“Christine, I want you to pick my next boyfriend.” Wow! This compliment was given to me by one of my young friends. She’s a sweet girl, but her picker is definitely off. The last two guys she dated…losers. Why sugarcoat it. You know the saying, “if it walks like a duck, quacks like a duck, then it’s a duck.” It all started with this question, “Christine, what did you do at my age?” I said, “Shelly, (name changed to protect the guilty) I would never date guys like that.”
Back in my day, my friends had a field day telling me my standards for men were too high. I had my “rules.” I know, it sounds kind of bitchy. Here’s the deal. I did not ht the lottery when it came to fathers. And I even had two shots at getting a good male role model, but it didn’t happen. I vowed that would never happen to me. So, I had my rules. When I explained my rules to my young friend, she laughed. Nice to know girls still find my process a bit crazy. Call me crazy, but I’m happy. Then I said to her, “where did you learn that you’re not worth being treated the way you treat others?” It’s the golden rule. I knew how much I could love, respect and care for the man I’d love, but I needed to be sure I would get the same in return. Therefore, my rules help me weed out my garden. My rules were simple; name calling is out of the question, never show late to pick-me-up without a phone call, pay for me, open doors for me and say thank you as well as excuse me. These small gestures were the beginning of our relationship. Let’s face it, if the guy doesn’t treat you like you walk on water in the beginning, how’s he going to treat you in 10, 15, 30 years?
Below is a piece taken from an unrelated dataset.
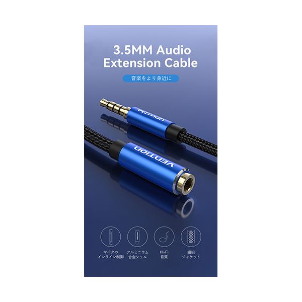 【5本セット】 VENTION コットン編み TRRS 3.5mm Male to 3.5mm Female オーディオ延長ケーブル 1.5m ブルー BH-4650X5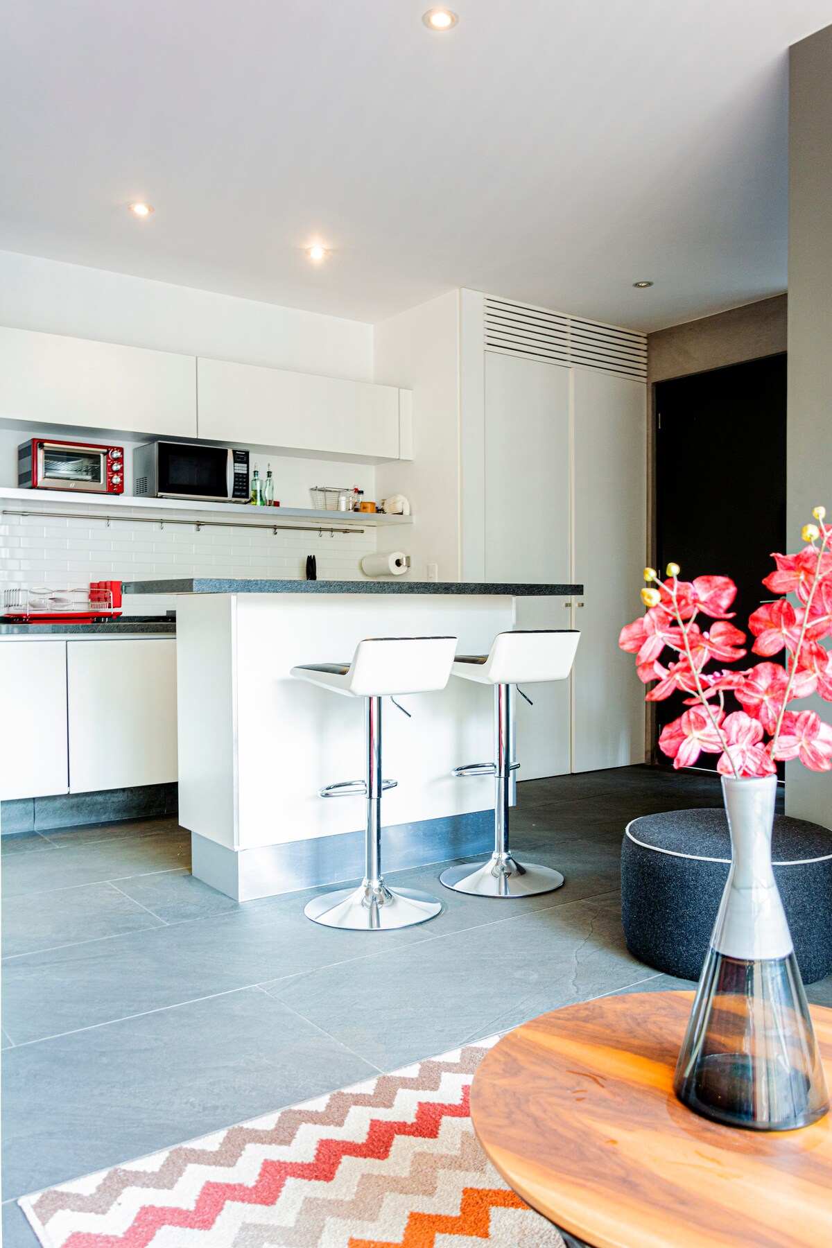 Estilo industrial minimalista, muy comodo y acogedor. Cocina totalmente equipada Barra Desayunadora modular con 4 sillas Lavasecadora Baño en inmaculadas condiciones Colchon y almohadas con Memory Foam Sofa Cama Closet completo WiFi de alta velocidad Escritorio para trabajar Smart TV 4K

Some females assume this type of attention is anti-feminist. I’m not and have never been a man hater, but I do believe a man will only give as much as you expect. I don’t want to do everything myself. I want/need a partner. Besides, you teach people how to treat you.
The reality is that once you have kids, this guy will become the father of your children. I couldn’t risk a daughter of mine growing up with the kind of men I did or more importantly, I did not want that type of man as a role model for my sons.
I’m not perfect, and I don’t pretend my marriage is perfect, but it’s perfect for us. If you’re not getting what you want, it’s time to take a look at yourself. By all means, leave the losers to the women who think they can change them. Did I mention, my hubby still opens the door, and I still thank him for taking me out to dinner?